3 responses to “One Toke Over The Line, Sweet Shakespeare”

  1. William Ray says:

    The presumptions of the referenced article (The Bard was a doper) are that 1) “Shakespeare” of Stratford-upon-Avon was a writer who achieved wide renown, and 2) his grave plot tells something about his state of mind and eventual artistic production.

    These presumptions are yet to be established. Washington Irving recorded the statement of the Trinity Church sexton that nothing was under the slab in the Chancery hall when exhumed. This tends to weaken the article writer’s comments regarding a corpse identified inside or out of the hall as “Shakespeare”, holding, for thrills, a bit of marijuana. Such thoughts are post facto speculations, good copy for the minor periodical press which usually publishes any speculation about the historical “Shakespeare”.

    There was a “Gulielmus Shakspere” recorded in the parish record. Neither he, nor his family, nor his neighbors, nor his townspeople ever considered him a writer. This further weakens any argument about “Shakespeare” and marijuana. The logical jump from a small-town money-lender to a prodigious genius of literature is entirely owing to the front matter of the First Folio. Coming from such a highly placed position of authority, few have questioned the fable that has ensued. The recent Washington Post article, “Five Myths About Shakespeare” is a paragon of fake factuality along those lines. The moral for skeptics is that belief has no time for investigation.

  2. Eve Siebert says:

    Thank you for pointing that out. I really should have corrected the post before it went up. After I discussed the the story on Virtual Skeptics last week, Jeb Card, an archaeologist, pointed out that stems could be dated quite narrowly. I made assumptions based on the article, which says the bowls were used for dating. The authors also say the pipe stem containing cocaine couldn’t have been contaminated and the bowl containing cocaine was from the 17th century. But, as I mentioned, everything they say about dating is oddly vague.

  3. Betsy Lawlor says:

    “Presumably, though, the stem can’t be narrowly dated. . .”

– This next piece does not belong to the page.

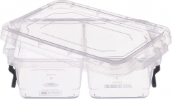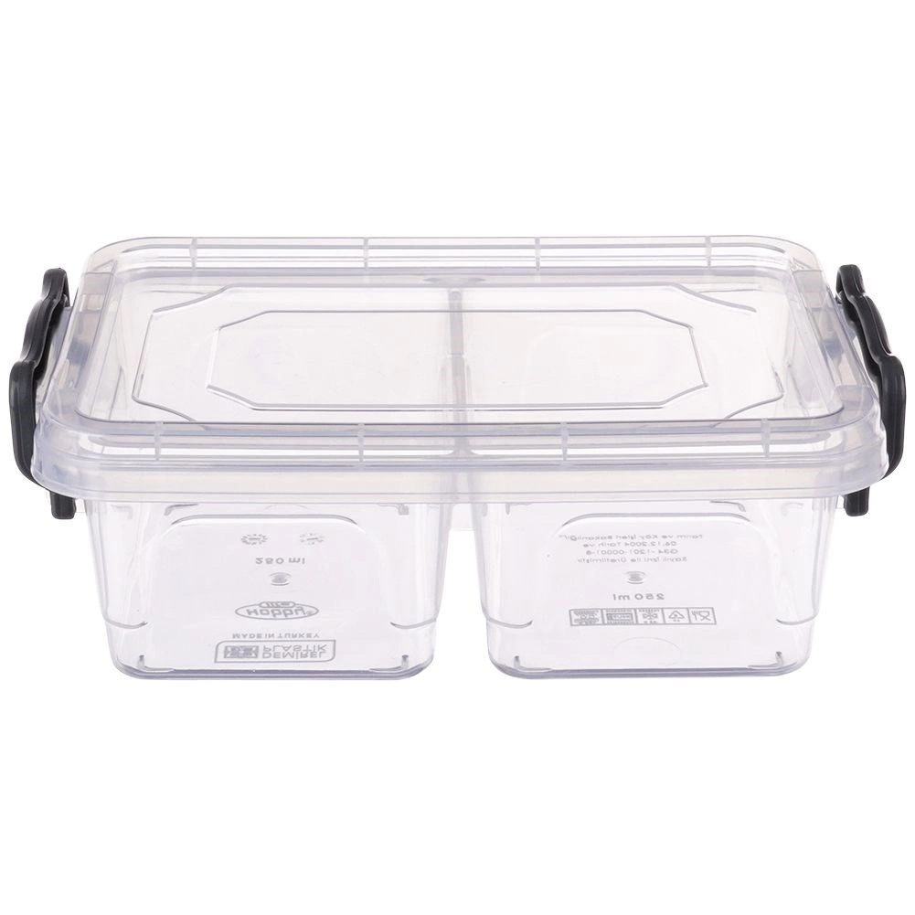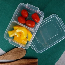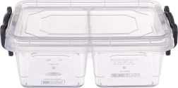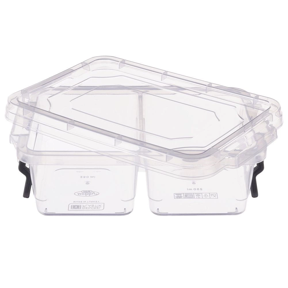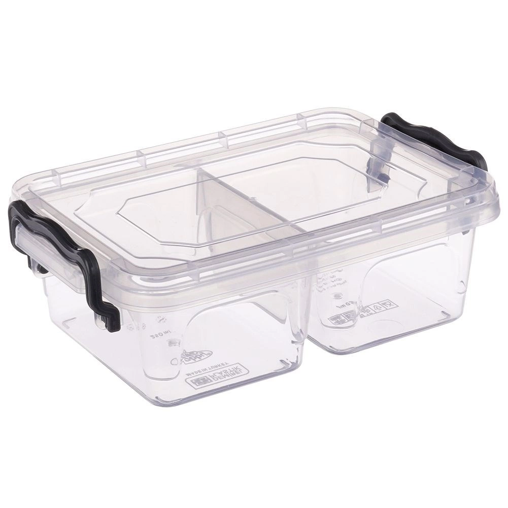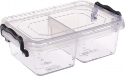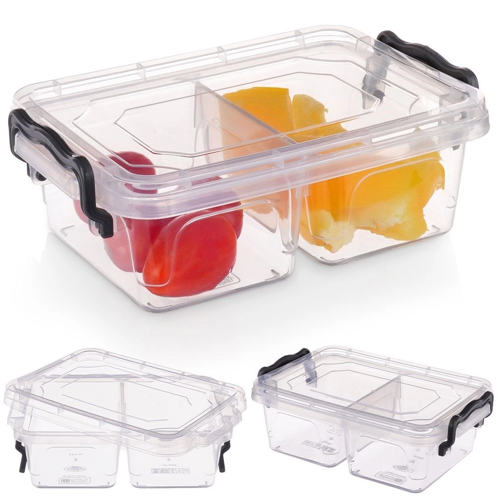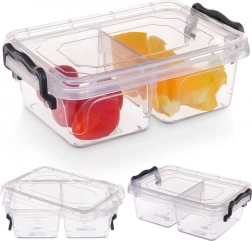 Gennemsigtig madbeholder med et rumfang på 500 ml, som gør det let at holde snack og tilbehør pænt adskilt takket være 2 separate rum. De robuste lukkeklip holder indholdet friskt og minimerer risikoen for lækage. Det klare design giver altid overblik over indholdet.

    In fact archaeologists can date old English clay pipe stems to within about 30 years due to manufacturing changes. Holes in the stems got narrower through time due to improvements in making thinner wire that the clay was shaped around. We also find more stem fragments than bowls because men used to share pipes. They’d break off the end of the long stem, and drop it, to get a new mouthpiece after the previous smoker, so the stems are remarkably useful time markers in some sites. Here’s a link about their use in Colonial Jamestown, Virginia:

    None of which changes Eve Siebert’s excellent analysis.